Enhancing Code Completion with Smart Context Retrieval and Code Chunking

TLDR: This research paper introduces a novel context collection strategy for improving repository-level code completion using large language models (LLMs). The method involves preprocessing code into smaller chunks, then employing a hybrid retrieval system that combines syntactic (BM25) and semantic (FAISS) similarity. A key innovation is ‘relative positioning,’ where the system retrieves not only similar code chunks for a given prefix and suffix but also their subsequent (‘next’) and preceding (‘previous’) chunks, respectively. This comprehensive context, which also includes the completion file and recently opened files, significantly boosts LLM performance in filling in code, earning the solution top placements in a code completion competition.

Code completion has become an indispensable feature in modern integrated development environments (IDEs), significantly boosting developer efficiency. However, despite its widespread availability, there’s an ongoing challenge in determining what constitutes truly effective context for large language models (LLMs) to perform optimally in code completion tasks.

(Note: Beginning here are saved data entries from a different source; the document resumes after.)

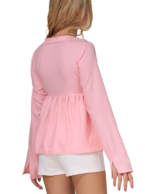 Accessory:No Overview:(1)V Neck(2)Long Sleeve(3)Stylish Detail in Tile Measurement | Size(cm) | Length | Bust | Sleeve | Shoulder | | S | 57 | 84 | 63 | 34 | | M | 58 | 88 | 64 | 35 | | L | 59 | 92 | 65 | 36 | | XL | 60 | 96 | 66 | 37 |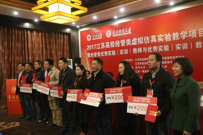 王衛星代表常州大學對各位領(lǐng)導和嘉賓的到來表示歡迎。胡凱圍繞高校實驗室建設思路進行了簡要闡述。陸華良對江蘇省高校(xiào)實驗教學與實踐教育中心聯席會的成立及發展進行了介紹(shào)。開幕式上舉行了2017首屆江蘇高校經管類優秀實驗(實訓)教(jiāo)師與優秀實驗(實訓)教學案例頒獎儀式。江南大學何家鳳、我校商學院楊足膺等8名老師榮獲省優秀實驗(實訓)教師;南京審計大學陳海(hǎi)勇、我校商學院潘偉強等4項主編案例獲省優秀實(shí)驗(實訓)教學案例。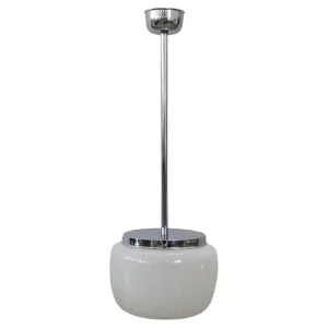 Lampada a sospensione in vetro e metallo cromato, italia anni ’60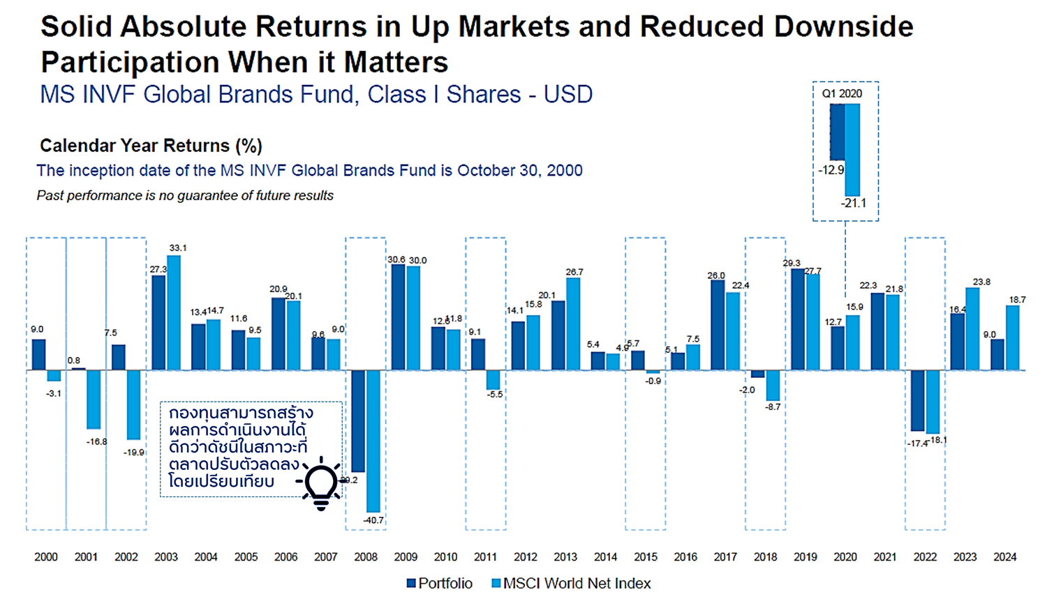 นับตั้งแต่จัดตั้งกองทุนในปี 2543 Morgan Stanley Investment Fund - Global Brands Fund มีผลการดำเนินงานที่ดีอย่างต่อเนื่องโดยติดลบเพียง 3 ปีจาก 23 ปีปฏิทินเท่านั้น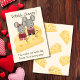 Ilustração totalmente queijosa e fofa de uma menina rato e um menino rato sentados em um bloco de queijo suíço Menina & Menino Rato Sentados no Queijo. Dizer personalizável "Você me faz derreter como suíço em um dia ensolarado!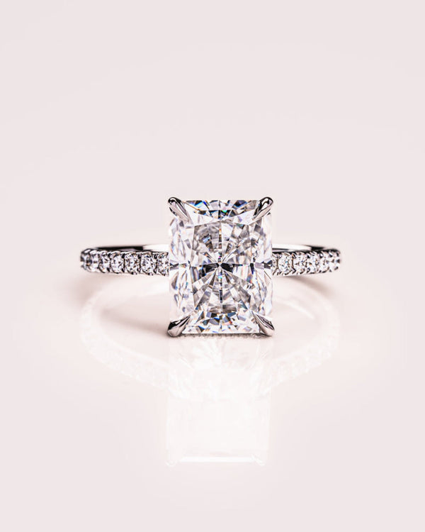 1.50 - 3.0 CT Radiant CVD Diamond Hidden Halo Pave Setting Engagement Ring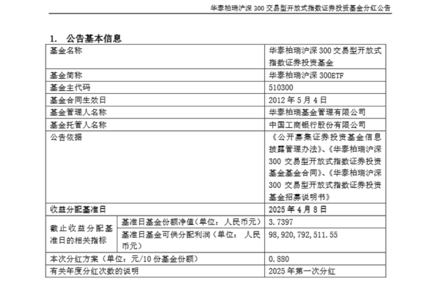6月11日,華泰柏瑞基金發(fā)布公告稱,旗下滬深300ETF將實(shí)施現(xiàn)金分紅,分紅方案為每10份基金份額分紅0.880元,分紅權(quán)益登記日為2025年6月17日,除息日為2025年6月18日,現(xiàn)金紅利發(fā)放日為2025年6月27日。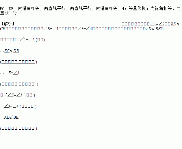 已知: 如图, ∠1=∠2, ∠3=∠E. 求证: AD∥BE
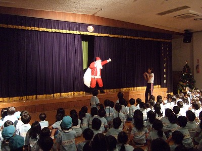 まちにまったクリスマス会♪なんと長丘幼稚園にサンタさんが

A recent research paper, Relative Positioning Based Code Chunking Method For Rich Context Retrieval In Repository Level Code Completion Task With Code Language Model, by Imranur Rahman and Md Rayhanur Rahman, addresses this critical issue. The authors propose an innovative context collection strategy designed to enhance LLM performance in repository-level code completion.

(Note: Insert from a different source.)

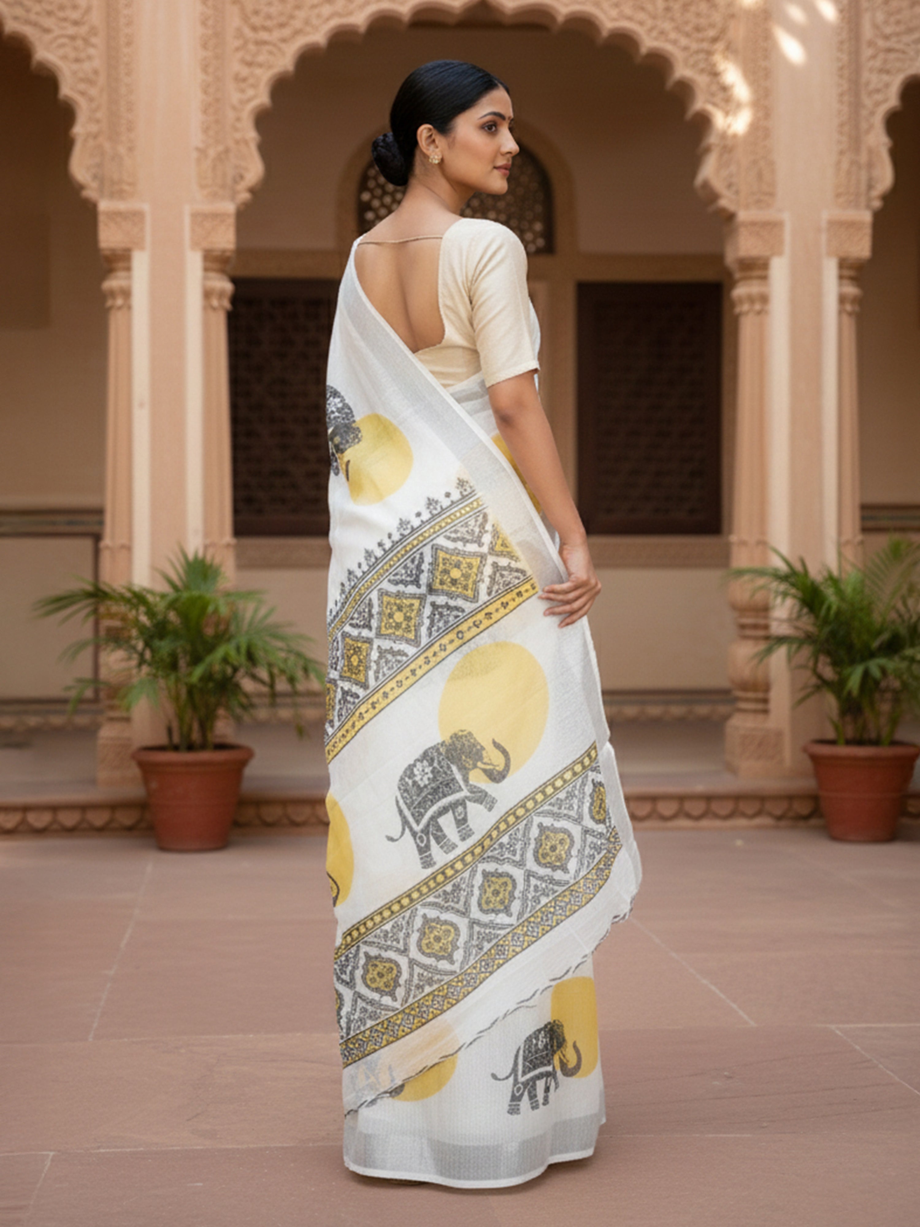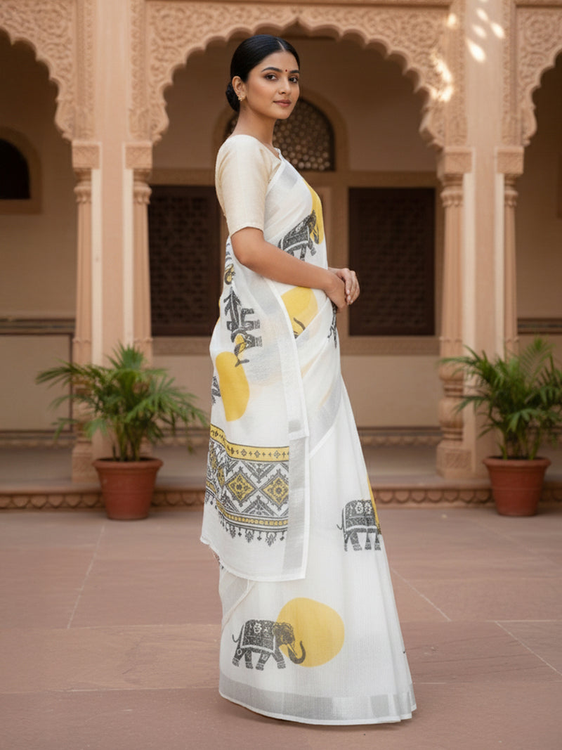 Graceful semi linen saree in white with elephant print and silver zari Bavanji border.

The core of their strategy involves two key ideas: preprocessing the entire code repository into smaller, manageable ‘code chunks’ and then using a retrieval mechanism that considers both syntactic and semantic similarity, along with a novel concept of ‘relative positioning’ of these chunks.

The Problem and Approach

The research was motivated by a competition organized by JetBrains Research, co-located with the Automated Software Engineering (ASE 2025) conference. Participants were tasked with creating an effective context collection strategy to supplement completion points with useful information from across a whole repository. The setup provided the full source code, recently used files, the completion file, and a prefix and suffix of a code snippet, with the goal for an LLM to ‘fill in the middle’.

The authors’ solution, which secured third place in the Kotlin track and fourth in the Python track of the competition, focuses on intelligently selecting and arranging relevant code snippets.

How the System Works

The process begins with **Preprocessing**. Each source file in the repository is split into ‘line chunks’ with a small overlap between consecutive chunks. Importantly, the system keeps track of ‘previous’ and ‘next’ pointers for each chunk within a file. These chunks are stored in a database for later retrieval. Simultaneously, vector embeddings are computed for each chunk using an embedding model (specifically, `sentence-transformers/all-MiniLM-L6-v2` for its efficiency), and these embeddings are stored in a vector database.

Next, a sophisticated **Retriever** system is employed. The paper utilizes an Ensemble Retriever from LangChain, which combines results from multiple individual retrievers. This hybrid approach leverages both syntactic and semantic similarity. For syntactic similarity, a BM25 retriever is used, which is effective at finding documents based on keywords. For semantic similarity, FAISS (Facebook AI Similarity Search) is used, designed for efficient similarity search of dense vectors. The ensemble retriever reranks the results, with a higher emphasis (4 times more) placed on semantic similarity, reflecting the intuition that understanding the meaning of code is often more crucial than just keyword matching.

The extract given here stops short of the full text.